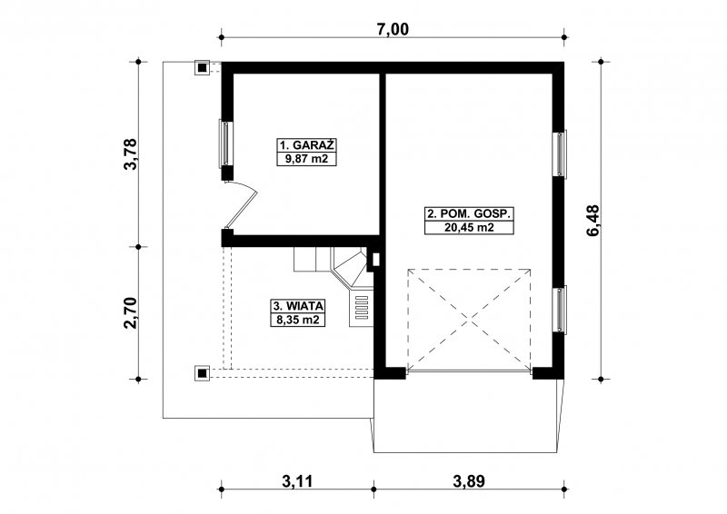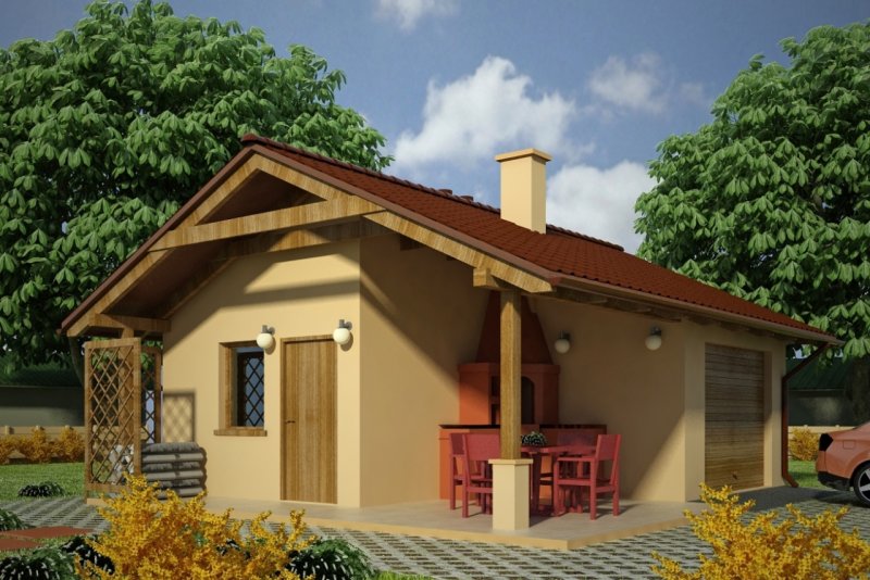 Projekt garażu jednostanowiskowego, parterowego, niepodpiwniczonego, przeznaczonego dla samochodów osobowych z pomieszczeniem gospodarczym i wiatą z kominkiem. Do projektu dołączone jest zestawienie: stali, więźby dachowej oraz stolarki drzwiowej i okiennej, jak równieżbezpłatna zgoda na dokonanie zmian.
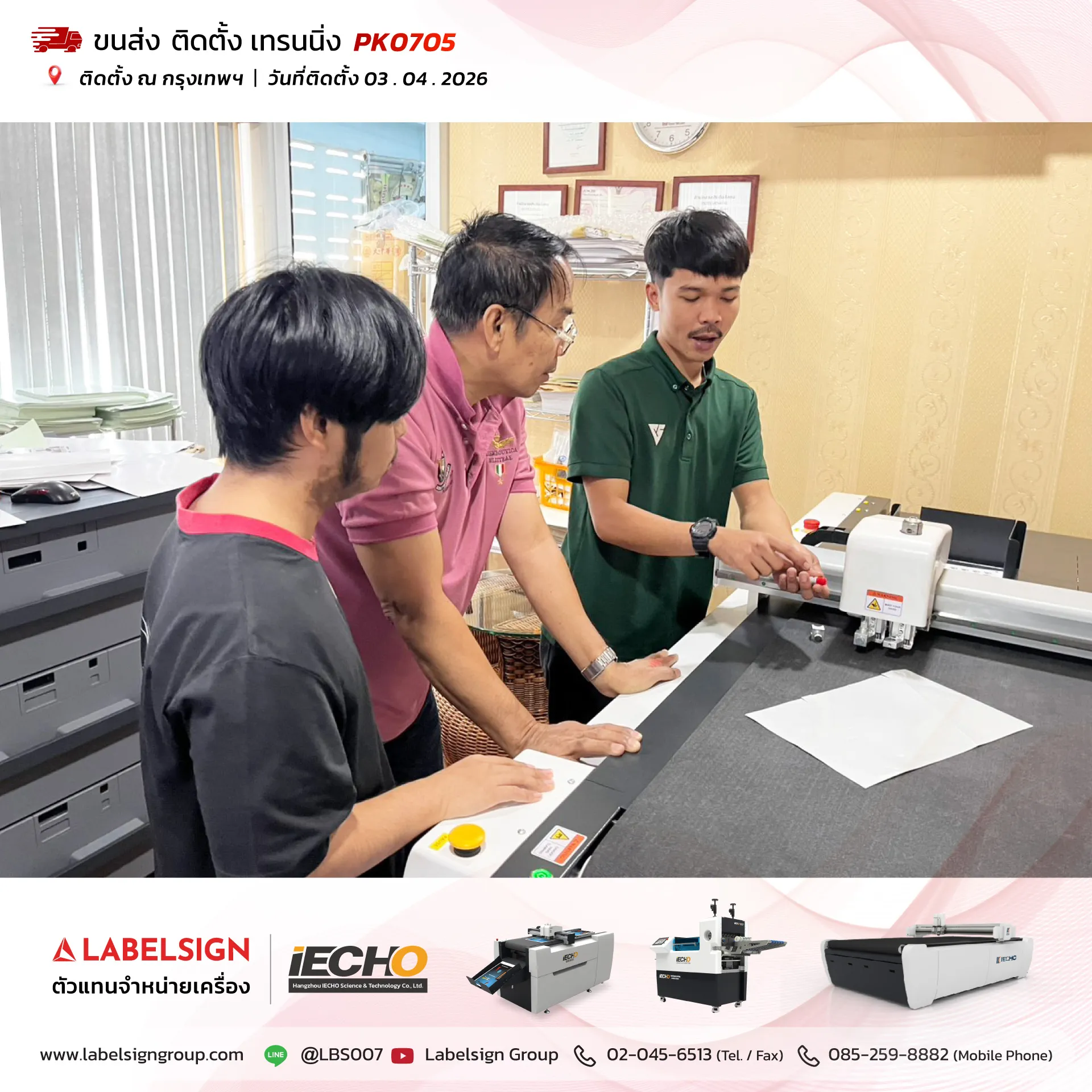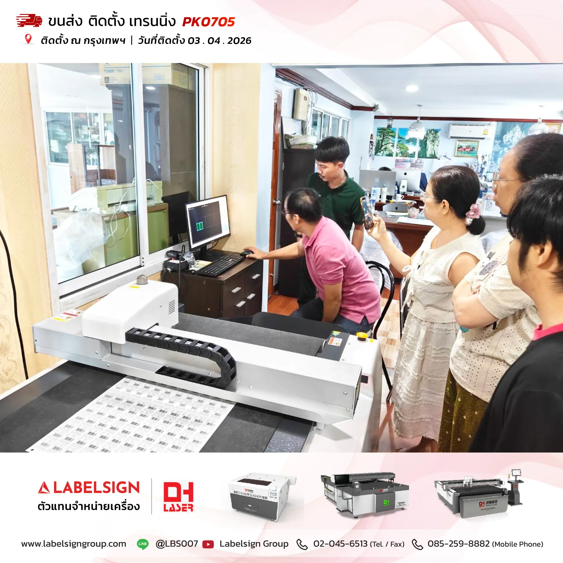 03 เมษายน 2026 จัดส่ง ติดตั้ง เทรนนิ่ง เครื่องตัดดิจิตอล Digital Cutting machine Model: PK0705 ณ กรุงเทพมหานคร ขอบพระคุณลูกค้าที่เลือกใช้บริการ "เลเบิ้ลไซน์"
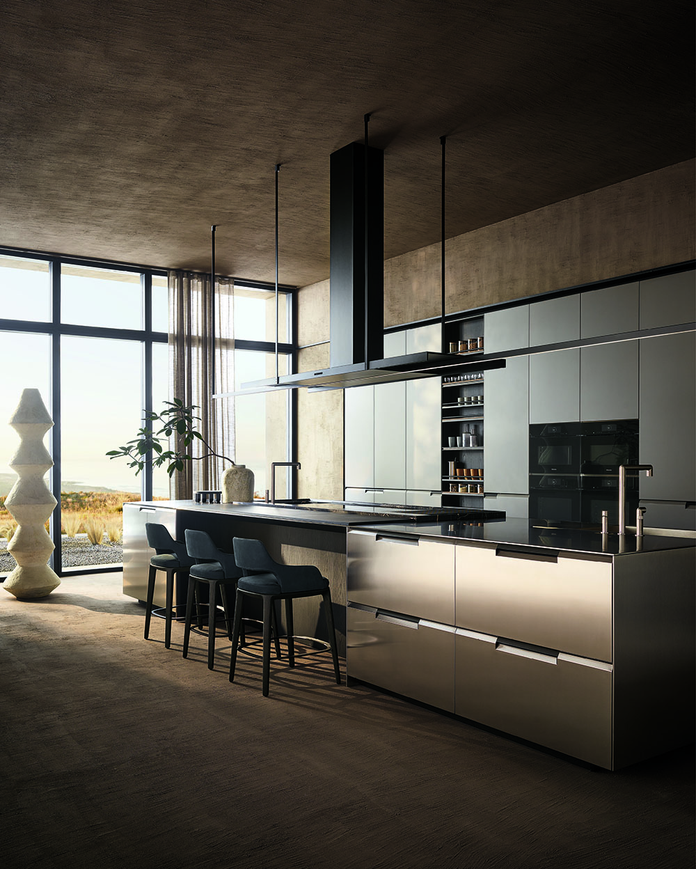 The connection between the dining room and the exterior is fluid. This sense of fluidity is created not only through the skillful chromatic combination of furnishings and natural elements, but also the symbolic connection in terms of materiality and texture.
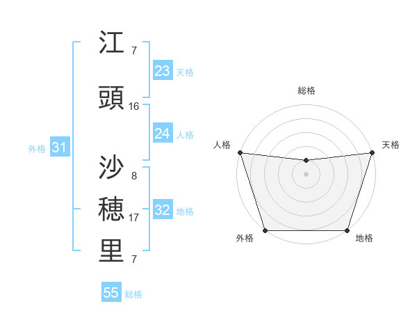 江頭 沙穂里さんを姓名の画数から五運を鑑定
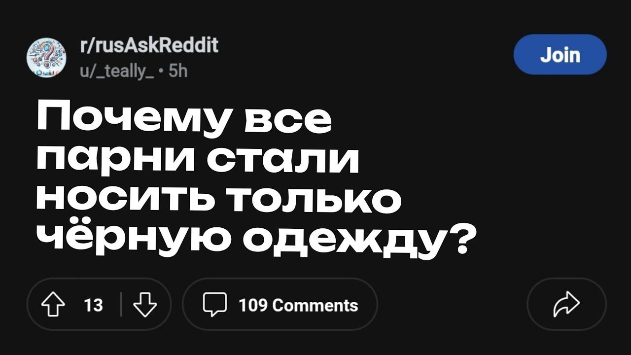 ПОЧЕМУ ВСЕ ПАРНИ НОСЯТ ТОЛЬКО ЧЁРНУЮ ОДЕЖДУ? | История Reddit
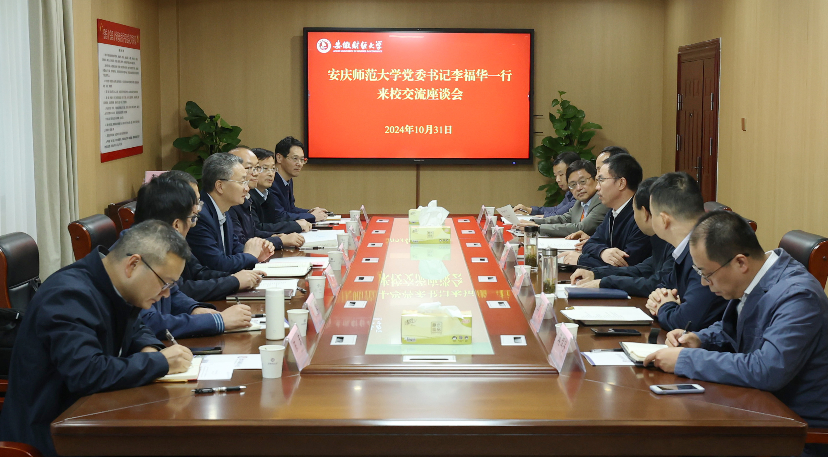 10月31日,校党委书记李福华率校党委常委、副校长肖新,校党委常委计裕人以及相关职能部门负责同志赴安徽财经大学调研交流。安徽财经大学党委副书记、校长朱红军,校党委常委、副校长王兵等会见李福华一行。
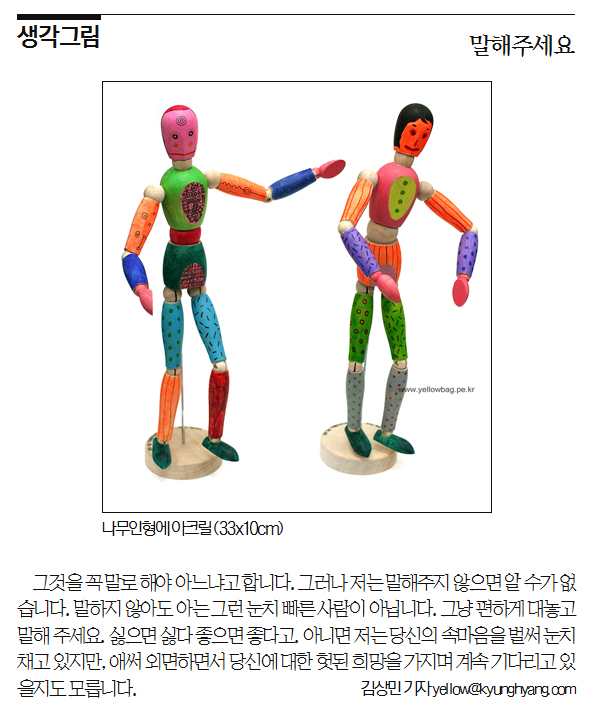 당신은 그걸 꼭 말로 해야 아느냐고 합니다. 그러나 저는 말해주지 않으면 알 수가 없습니다. 말하지 않아도 아는 그런 눈치 빠른 사람이 아닙니다. 그냥 편하게 대놓고 말해 주세요. 싫으면 싫다 좋으면 좋다고. 아니면 저는 당신의 속 마음을 벌써 눈치채고 있지만, 애써 외면하면서 당신에 대한 헛된 희망을 가지며 계속 기다리고 있을지도 모릅니다.

▸ What the task asks
While skipping the pictures, transcribe the data above from the line showing "The connection between" through the line showing "ПОЧЕМУ ВСЕ ПАРНИ", exactly and with both ends.

▸ Answer
 The connection between the dining room and the exterior is fluid. This sense of fluidity is created not only through the skillful chromatic combination of furnishings and natural elements, but also the symbolic connection in terms of materiality and texture.
 江頭 沙穂里さんを姓名の画数から五運を鑑定
 ПОЧЕМУ ВСЕ ПАРНИ НОСЯТ ТОЛЬКО ЧЁРНУЮ ОДЕЖДУ? | История Reddit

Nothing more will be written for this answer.